Exercise prompt: Output each record below exactly as it stands, leaving out the pictures.

__________

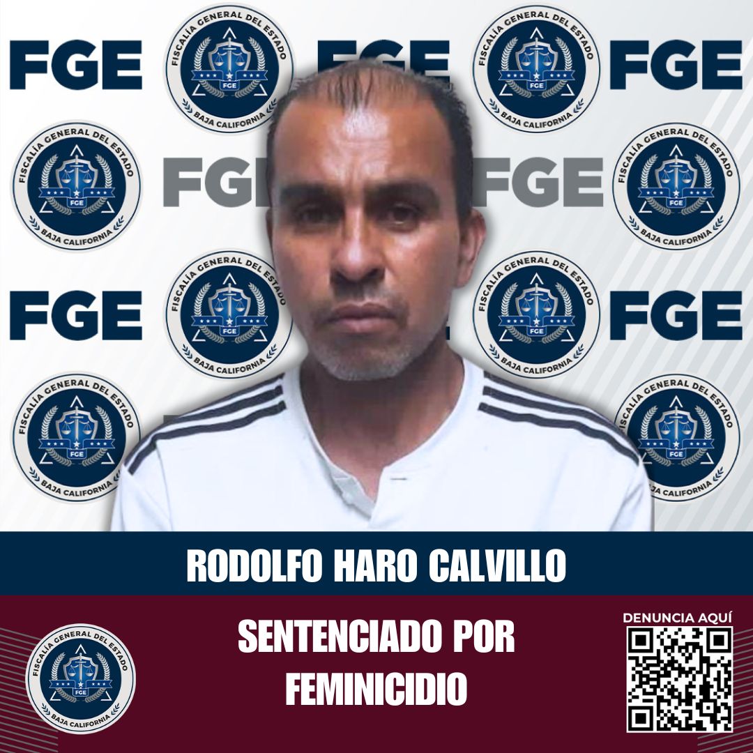 ENSENADA, BAJA CALIFORNIA. - La Fiscalía Regional de Ensenada, a través de la coordinación de Averiguaciones Previas y Control de Procesos, logró una sentencia condenatoria de 46 años, 3 meses y 472 días de multa contra Rodolfo Haro Calvillo, culpable del asesinato de su pareja sentimental en un caso de feminicidio.
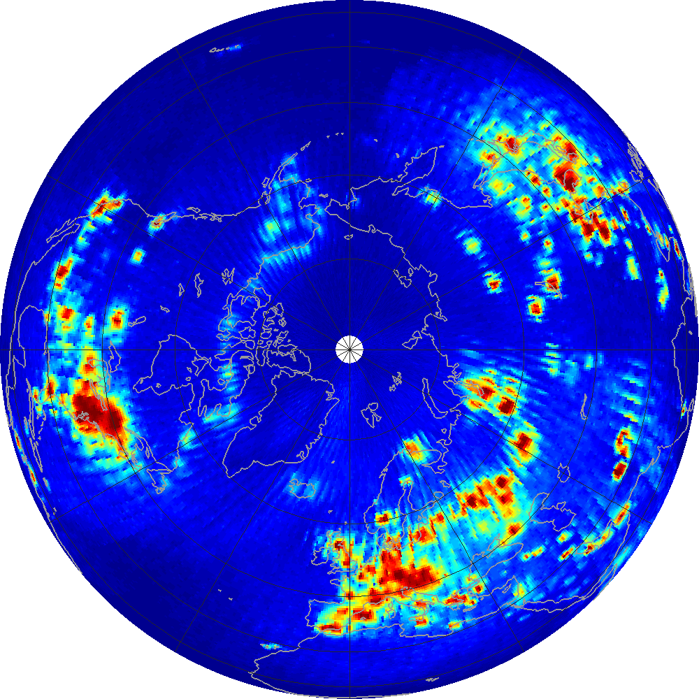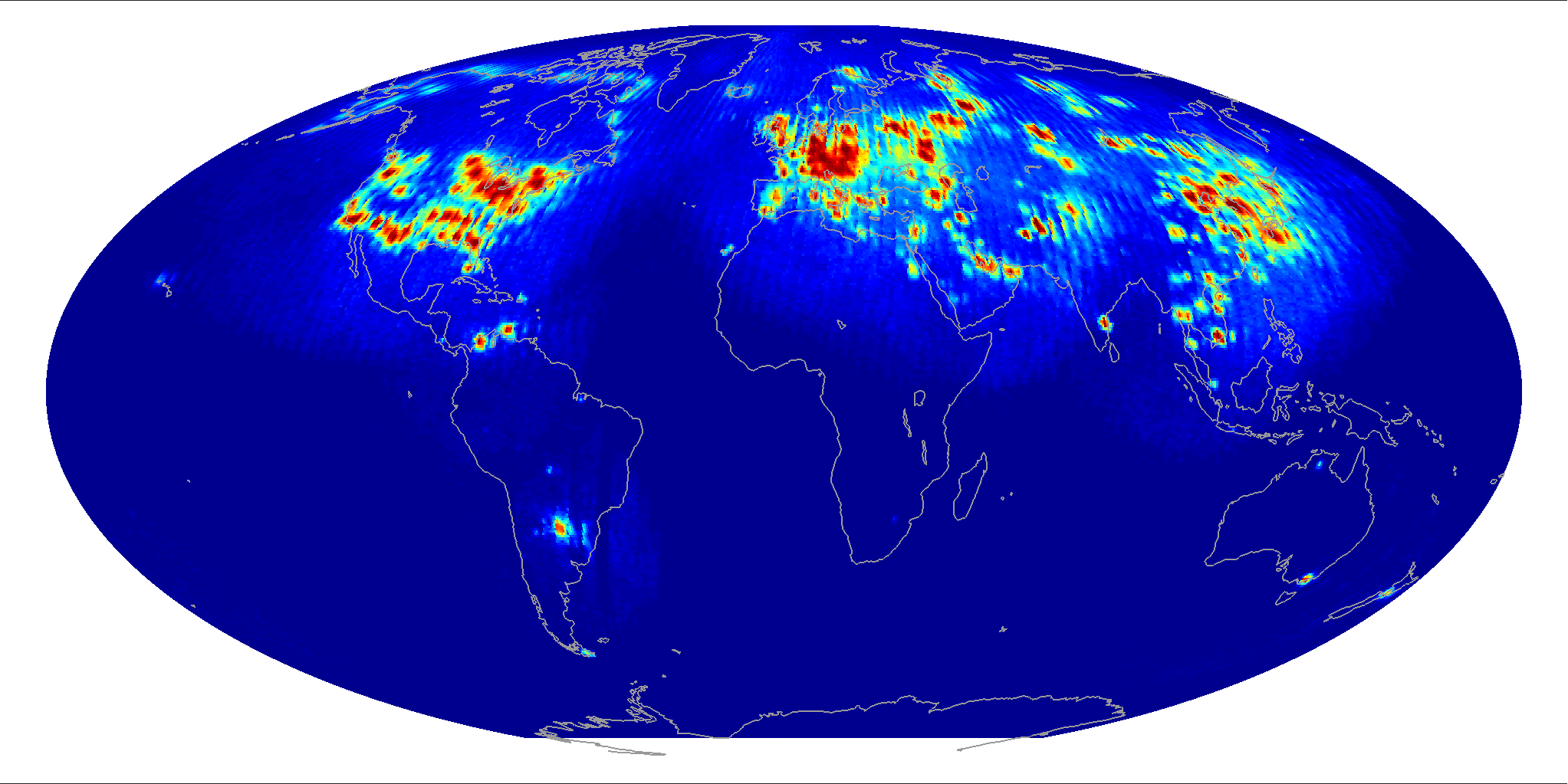 The images below (click to enlarge) show global monthly RFI for descending (southward) passes as detected by the scatterometer (Le Vine and de Matthaeis, 2014).
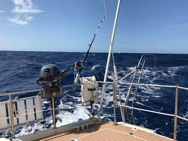 Nous avons mis une canne à l’eau en espérant prendre un thon mais le Rapala s’est fait bouffer…
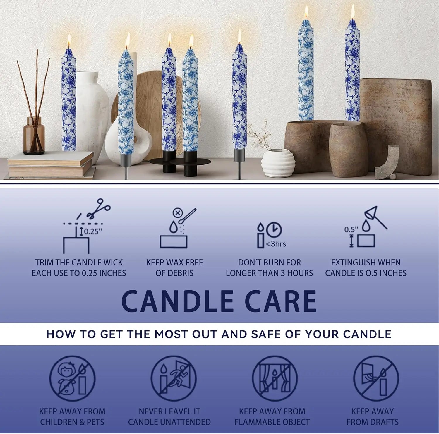 • Blue Printed Taper Candle Design: The melting point and burning speed are precisely controlled through a special formula process, to make the blue candle burn more evenly and stably;The blue and white porcelain pattern taper candle design features an elegant style and a blue white printed look that will complement almost any decor
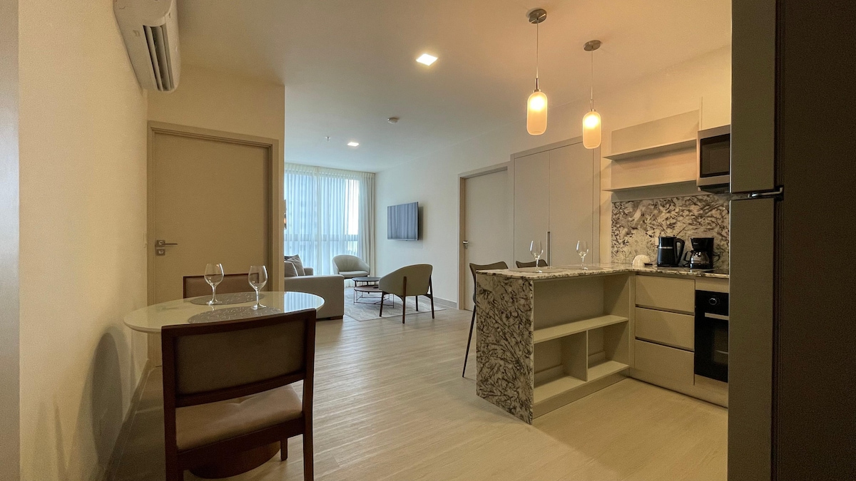 Chào mừng đến với PH Yoo Panama mang tính biểu tượng. Căn hộ 180 m2 độc quyền này có tầm nhìn ngoạn mục ra biển. Tận hưởng hai phòng với máy lạnh, ban công, phòng khách và phòng ăn với TV thông minh, wifi tốc độ cao, nhà bếp được trang bị, phòng tắm hiện đại và trung tâm giặt ủi. Ngoài ra, bạn sẽ có quyền sử dụng hồ bơi, khu vực giao lưu và tất cả các tiện nghi độc quyền của tòa nhà, hoàn hảo để tận hưởng với gia đình hoặc bạn bè. Sống một kỳ nghỉ khó quên trong bầu không khí ấm cúng và đầy đủ tiện nghi!
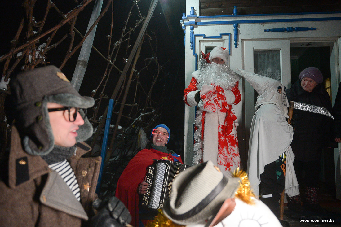 Найти команду, которая щедрует на старый Новый год в Давид-Городке, несложно. Стоит вечером только свернуть в стороны от главной улицы, как наткнешься на компанию в странных одежках. Мы первым делом поехали на улицу Рыбацкую — здесь начинается маршрут группы Натальи Коваленко. Она щедрует уже более 50 лет и все никак не может остановиться.
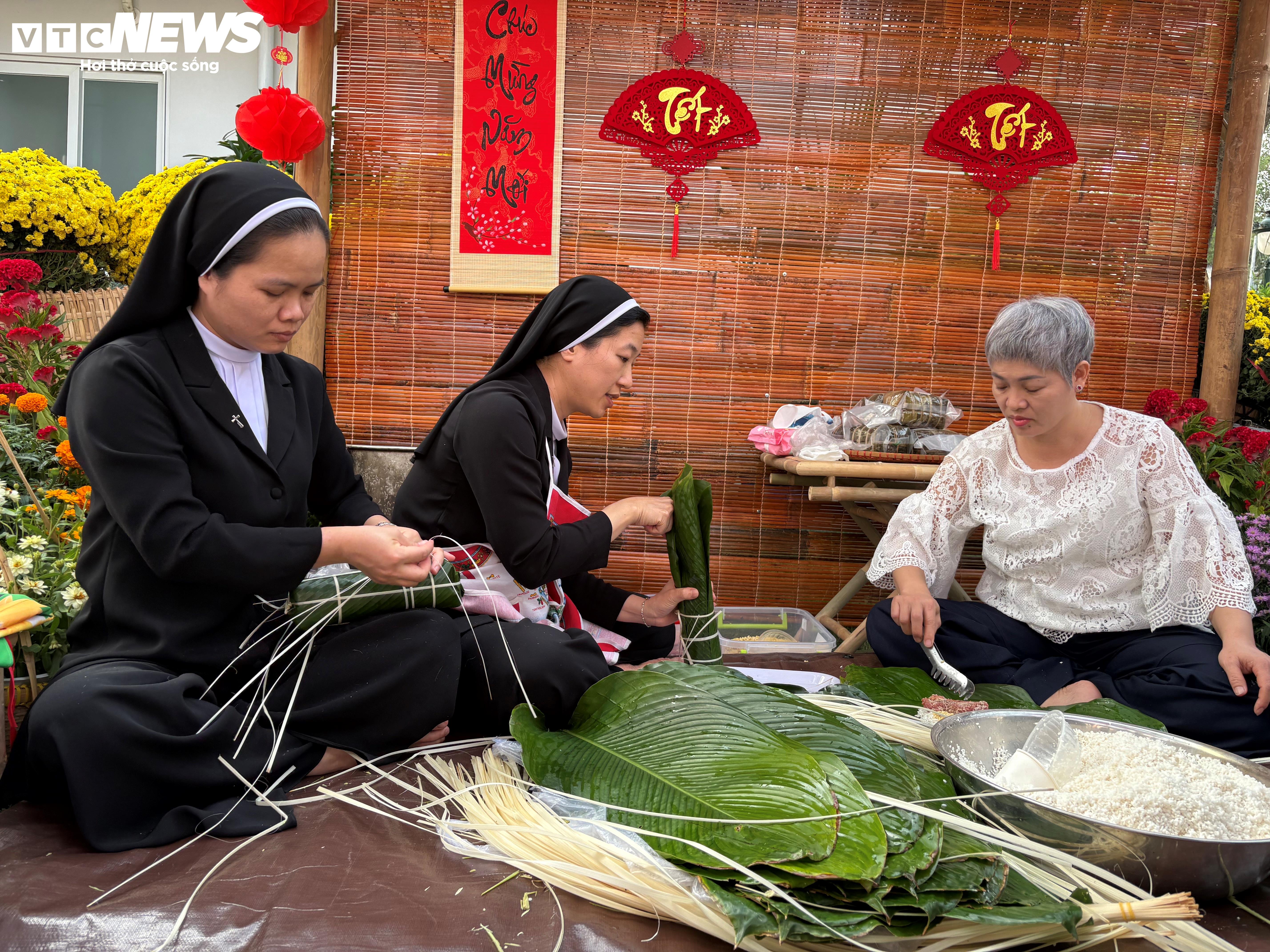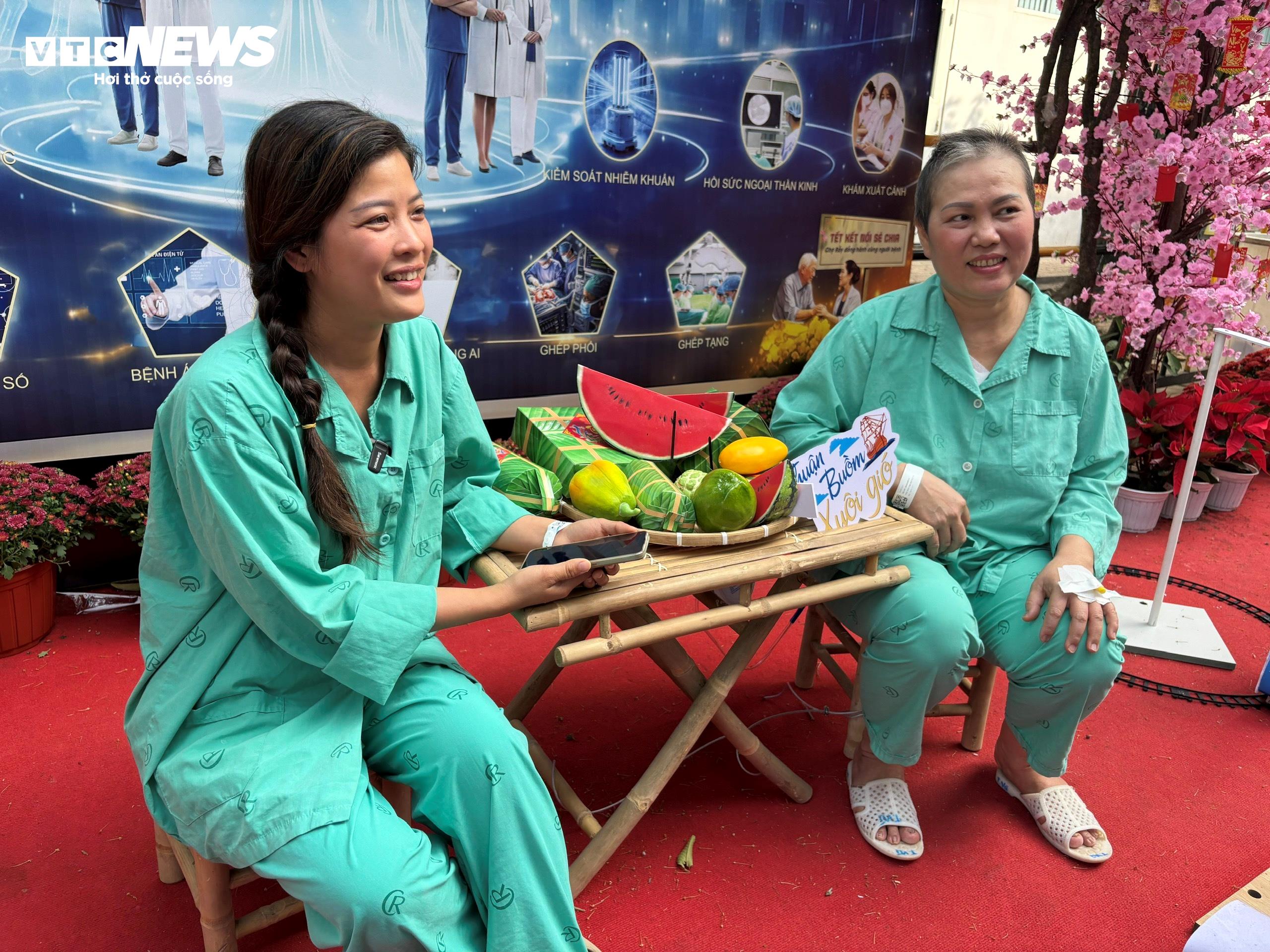 Dù không được về quê đón Tết, sum vầy bên gia đình nhưng người bệnh vẫn có cơ hội trải nghiệm gói bánh chưng, bánh tét - hoạt động không thể thiếu trong Tết cổ truyền của người Việt.

__________

The completed task:
 ENSENADA, BAJA CALIFORNIA. - La Fiscalía Regional de Ensenada, a través de la coordinación de Averiguaciones Previas y Control de Procesos, logró una sentencia condenatoria de 46 años, 3 meses y 472 días de multa contra Rodolfo Haro Calvillo, culpable del asesinato de su pareja sentimental en un caso de feminicidio.
 The images below (click to enlarge) show global monthly RFI for descending (southward) passes as detected by the scatterometer (Le Vine and de Matthaeis, 2014).
 Nous avons mis une canne à l’eau en espérant prendre un thon mais le Rapala s’est fait bouffer…
 • Blue Printed Taper Candle Design: The melting point and burning speed are precisely controlled through a special formula process, to make the blue candle burn more evenly and stably;The blue and white porcelain pattern taper candle design features an elegant style and a blue white printed look that will complement almost any decor
 Chào mừng đến với PH Yoo Panama mang tính biểu tượng. Căn hộ 180 m2 độc quyền này có tầm nhìn ngoạn mục ra biển. Tận hưởng hai phòng với máy lạnh, ban công, phòng khách và phòng ăn với TV thông minh, wifi tốc độ cao, nhà bếp được trang bị, phòng tắm hiện đại và trung tâm giặt ủi. Ngoài ra, bạn sẽ có quyền sử dụng hồ bơi, khu vực giao lưu và tất cả các tiện nghi độc quyền của tòa nhà, hoàn hảo để tận hưởng với gia đình hoặc bạn bè. Sống một kỳ nghỉ khó quên trong bầu không khí ấm cúng và đầy đủ tiện nghi!
 Найти команду, которая щедрует на старый Новый год в Давид-Городке, несложно. Стоит вечером только свернуть в стороны от главной улицы, как наткнешься на компанию в странных одежках. Мы первым делом поехали на улицу Рыбацкую — здесь начинается маршрут группы Натальи Коваленко. Она щедрует уже более 50 лет и все никак не может остановиться.
 Dù không được về quê đón Tết, sum vầy bên gia đình nhưng người bệnh vẫn có cơ hội trải nghiệm gói bánh chưng, bánh tét - hoạt động không thể thiếu trong Tết cổ truyền của người Việt.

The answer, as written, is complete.